Auto analyst Felipe Muñoz said 2018 was probably the peak of internal combustion engine (ICE) car sales. He predicts EVs will outsell ICE-powered vehicles by 2030.

Within the next decade, we can expect to see the beginning of the end for fossil fuel-powered vehicles. And in the same time frame, it may become comparable or cheaper to buy the average EV.

A Global Trend

After a slow start, EV models are hitting dealer showrooms all over the country.

Customers are buying. In fact, most dealers now have waiting lists.

And it’s not just a U.S. phenomenon.

Much of the global EV growth is happening in China. That means trouble for Chinese car and truck makers.

The Chinese government is big on EVs and has made it nearly impossible for carmakers to increase production of ICE-powered vehicles.

The government will not support new companies that make only ICE vehicles. And existing carmakers are required to meet certain benchmarks to ensure the future is electric.

On the European front, German automaker Daimler AG (OTC: DDAIF) recently said it would halt ICE development. Instead, its primary focus will be on EV development.

It will specifically be focusing on battery and electric drivetrain design.
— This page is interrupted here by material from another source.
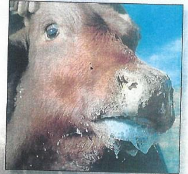
إفرازات لعابية من الفم
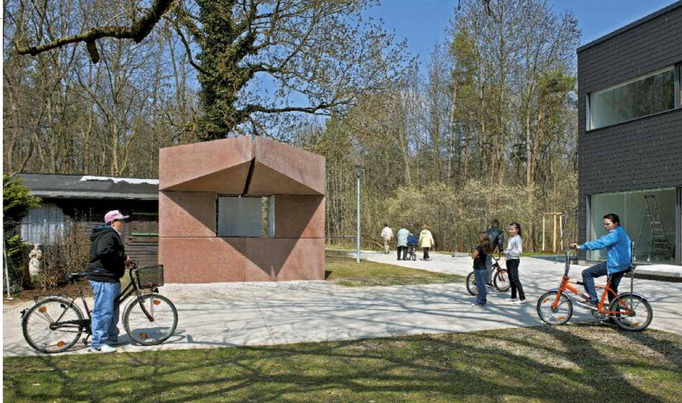
„MACHT BARMHERZIGKEIT“. STATION II, „HUNGRIGE SPEISEN“

Der letzte Sitzblock steht kurz vor dem „Flaucherkreuz“ (alte Stadtgrenze Münchens) und führt seit 2010 auf die von Heim Kuntscher Architekten errichtete zweite Station des Ökumenischen Pilgerwegs „Macht Barmherzigkeit“ hin. Der aus rötlichem Sichtbeton gefertigte Baukörper spielt in seiner Gestalt geschickt mit den Motiven Stadttor und Marterl. Unter dem vorkragenden Giebel befinden sich drei weiß emaillierte Reliefs von verschiedenen Getreideähren (Alix Stadtbäumer, München), die auf den Titel der Station „Hungrige speisen – satt werden“ und damit auf die diakonische Arbeit der „Münchner Tafel“ und des benachbarten „Lichtblick Hasenberg!“ sowie die wöchentliche Armenspeisung der Pfarrei verweisen.

Daimler’s announcement has significant implications for the company. This German conglomerate also owns 18-wheeler maker Freightliner.

All of its current production is diesel-powered trucks. Although Daimler didn’t specifically say so, its current announcement sets the stage for its entry into the all-electric truck market.

Tesla (Nasdaq: TSLA) can certainly be credited with kicking off the current EV transportation disruption. But now nearly every other car and truck maker has plans to start making EVs.

Mercedes-Benz recently joined Volkswagen as the only ICE car manufacturers planning to switch to exclusively EV production.

I believe we will see more announcements like this over the next several years.

Public Support

Both automakers and customers are on the same page right now.

Worldwide, automakers are investing an impressive $300 billion in the development and production of batteries and EVs.

That investment will likely pay off…

A recent survey by AAA showed that 20% of respondents plan to make their next car an EV.

And, lastly, a survey done by the hosts of the Fully Charged video series found that 88% of EV owners would never buy another ICE vehicle.

Welcome to the tipping point, readers.